# Hello, from myself and my new kitten Ellie! Pictures inside :)



## Mandy and Ellie (Oct 22, 2013)

Hello, Cat Forum! My name is Mandy and I am from Southeastern Ohio. :daisyI currently reside with my boyfriend of 5 years, our new doll face Persian, Ellie, our two Fantail goldfish and our six hamsters! 

A little background on me: I'm 19 years old, and currently attending my local university to obtain my Bachelors of Science in Nursing. I hope to eventually get my Masters degree. 

Also, I'm a huge animal lover. Aside from the pets who live with me, I have two Pomeranians and a cat back at my mom's house that are our family pets. I've had two cats other than Ellie that lived/live at my mom's house currently. Sheba passed away at 17 years old in 2011. During her lifetime, my mom fed her dry Iams. She had dry skin, dry, dull fur, and Sheba suffered from many UTI's and kidney issues. She ultimately succumbed to her kidney failure. :sad: At this point, I began questioning the food.

My other cat is Cuddles, a big black cat who is currently thriving at the estimated age of 15. She was a stray that found us about 10 years ago (literally, she would open our screen door in the summer and sneak in... sometimes being mistaken for a black pillow on our beds ). My mom also fed her dry Iams. When she began exhibiting symptoms similar to Sheba, I began doing research. I then realized how awful Iams was (my mom thought it was the "best quality"), and how awful feeding dry food was. The second we started her on a wet food diet, she started thriving and has ever since!

Anyways - that's a little background on my cats. Those were the cases that prompted me to do constant research on the things I feed my pets, and what also led me to this wonderful forum! Now I'm curious about feeding a raw diet, which is something I couldn't have imagined years ago. 

We got Ellie last Monday and have absolutely fallen in love with her. She's definitely our four-legged child. Here's a few photos of her! 










































She loves belly rubs! 










Thanks for reading this super long post, hehe.

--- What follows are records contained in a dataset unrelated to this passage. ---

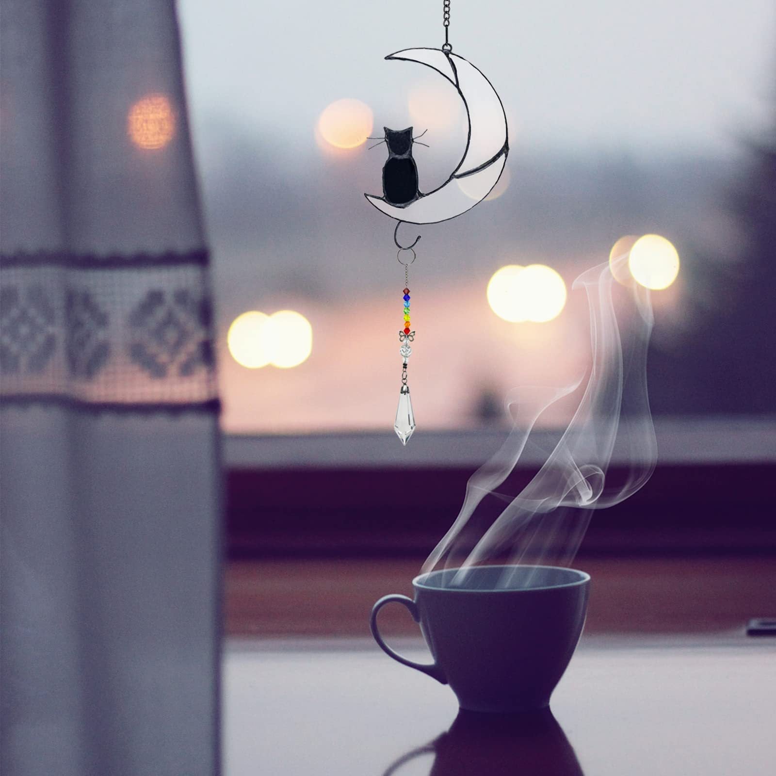 - Nome: Ornamento per finestra in vetro con gatto nero e luna bianca Olivenorma
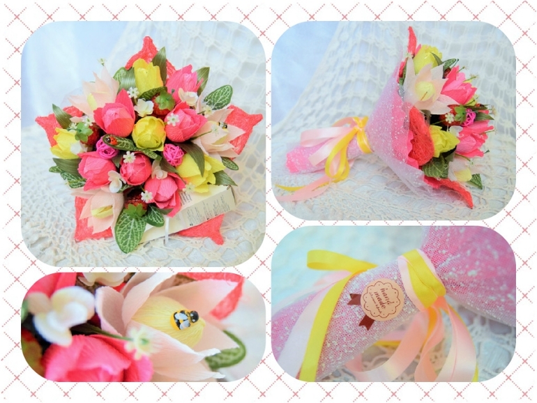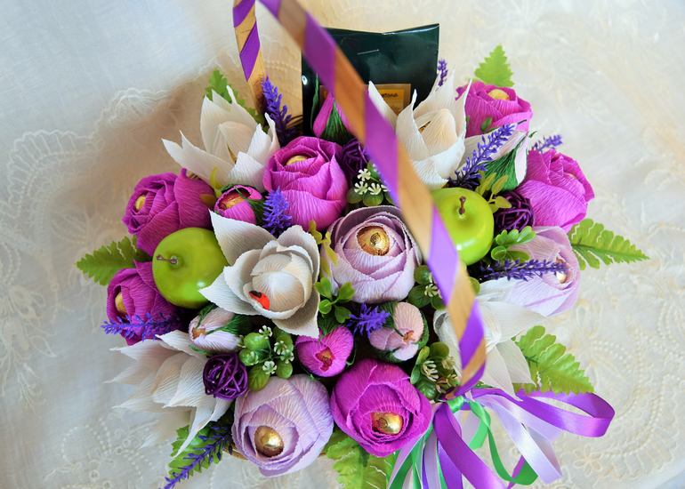 Все конфетки легко вытащить, некоторые букеты дополнены чаем. Композиции в корзинах можно упаковать в прозрачную пленку, в любом случае букет поставляется в бумажном пакете.
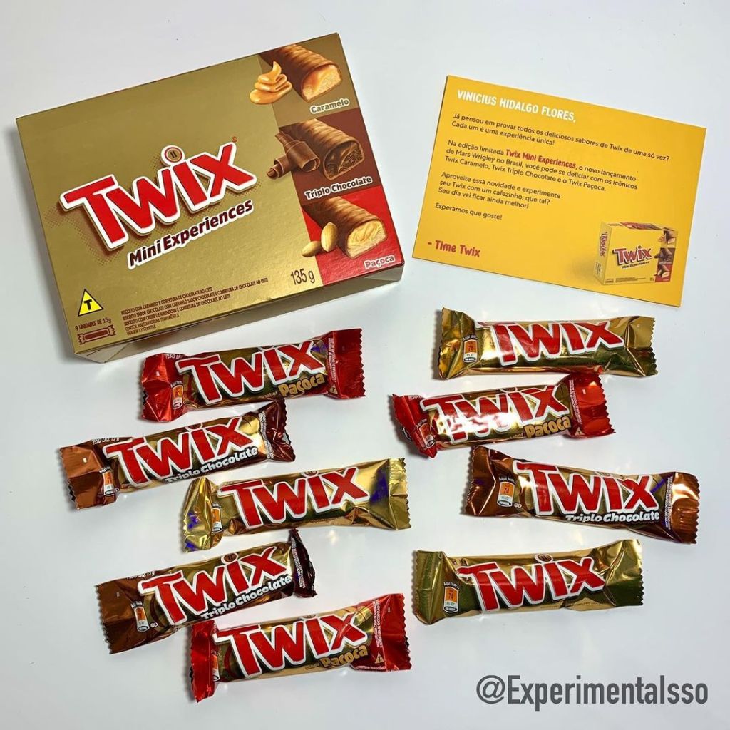 Essa é a proposta do Mini Experiences. Uma edição limitada com 9 unidades de Twix na versão “mini”. São 3 unidades de cada sabor: Caramelo, Triplo Chocolate e Paçoca.

I'm excited to be a member of this wonderful forum!


----------



## Mandy and Ellie (Oct 22, 2013)

Thanks for the warm welcome, lol.


----------



## feralkit (Oct 20, 2013)

Welcome! I am new and just saw this thread.
I love the photo of her sleeping. She is transformed into a different cat. Haha! Is it hard to groom the long haired cat? They are so beautiful.

I am always afraid that hamsters will bite me when I look at them in a store. I usually attempt to pick them up anyway, but scared the whole time. lol Sometimes they rear back and do that terrifying posture! Maybe they are frightened from being gawked at in the stores. Though, my brother's hamsters were friendly. 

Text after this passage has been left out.